Each location has analog trunks so regular calls are fine once connected to a live body. Auto attendant, voice mail and site to site calls are garbled. Voice mail server and IP Office are connected via the LAN, I am just using the WAN port of the IP Office to try to eliminate the IP Office NIC as a possible cause of the problem. AA and VM calls to the main site where VM server is located are fine. Only affected calls are those to the remote sites where they are using the H.323 trunks to connect to VM server. There is really no doubt it is a network or carrier problem. It is just that my 12 years of IP Office and 25 years of data networking experience are not good enough and they want an opinion from someone else.
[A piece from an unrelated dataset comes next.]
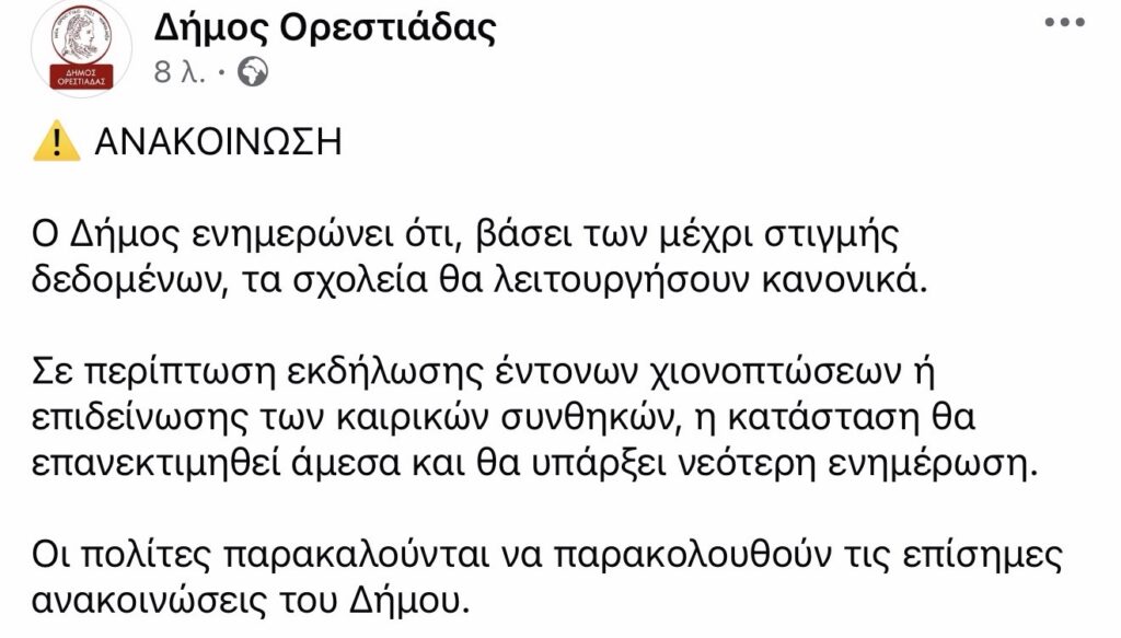 Ακολουθούν οι ανακοινώσεις των Δήμων του Έβρου για τη λειτουργία των σχολείων, για τη Δευτέρα 02.02.2026 – Συνεχής ενημέρωση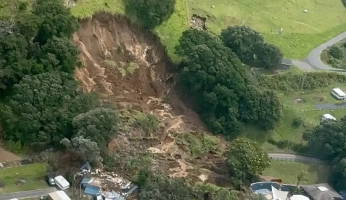 Η κατολίσθηση έπληξε τροχόσπιτα και χώρο καθαριότητας στην κατασκήνωση, στο Βόρειο Νησί, περιοχή όπου σημειώθηκαν ισχυρές βροχοπτώσεις τη νύχτα.

Of course, the answer is always the same. Einstein said it best. "Insanity: doing the same thing over and over again and expecting different results.
 
What about loading VM Pro on another machine and then testing again, sounds like the server/server port/switchport settings now :)

 
When this all started, the voice mail server was in South Carolina at site 2 and their audio was fine. Orlando (site 1) had such poor audio they couldn't do business. Carrier blamed the IP Office (big surprise!) So we went through the process of a dongle swap and moved voice mail to Orlando with all new hardware, clean VM Pro installation, different OS. Now the voice mail in Orlando is fine but calls to the other locations are poor. Carrier still wants to blame the IP Office so we swapped the NIC on the IP Office Tuesday evening but still have the same issue. I even suggested swapping the NIC in the voice mail server in Orlando but I am not convinced this is the problem since the problem existed prior to bringing the new vm server online. My opinion is either something wrong with the network or a switch, or possibly some routing that was missed when changing carriers. Of course, there is still the carrier as a possibility.
 
ask them what their NIC speed and duplex are set to on the port they are handing off to you, if they can't tell you then there is your problem? is that port going into a router/firewall before it goes to the IPO, or is their port directly into the IPO?
 
The IP Office and VM server are both behind the router on the same subnet. I will have to check on port speeds on their switches but knowing this customer I am guessing it will be gigabit.
 
>I will have to check on port speeds on their switches but knowing this customer I am guessing it will be gigabit

That's not the point.

As GKnight has pointed out, if the switch port is set to auto-negotiate speed & duplex, but the carrier route interface is configured to 100 FD, you will have problems.

if the customer can supply something like (in cisco world) a show interface gi0/x (the port to the router) that will go a long way to helping


Take Care

Matt
I have always wished that my computer would be as easy to use as my telephone.
My wish has come true. I no longer know how to use my telephone.
 
I think this is a carrier issue. The voice is on a VLAN or is all traffic handled the same? On windstream MPLS jobs I have done I have seen this be an issue. Don't know who your carrier is but I'm going to guess this is a routing issue or the design of the carrier solution is misconfigured.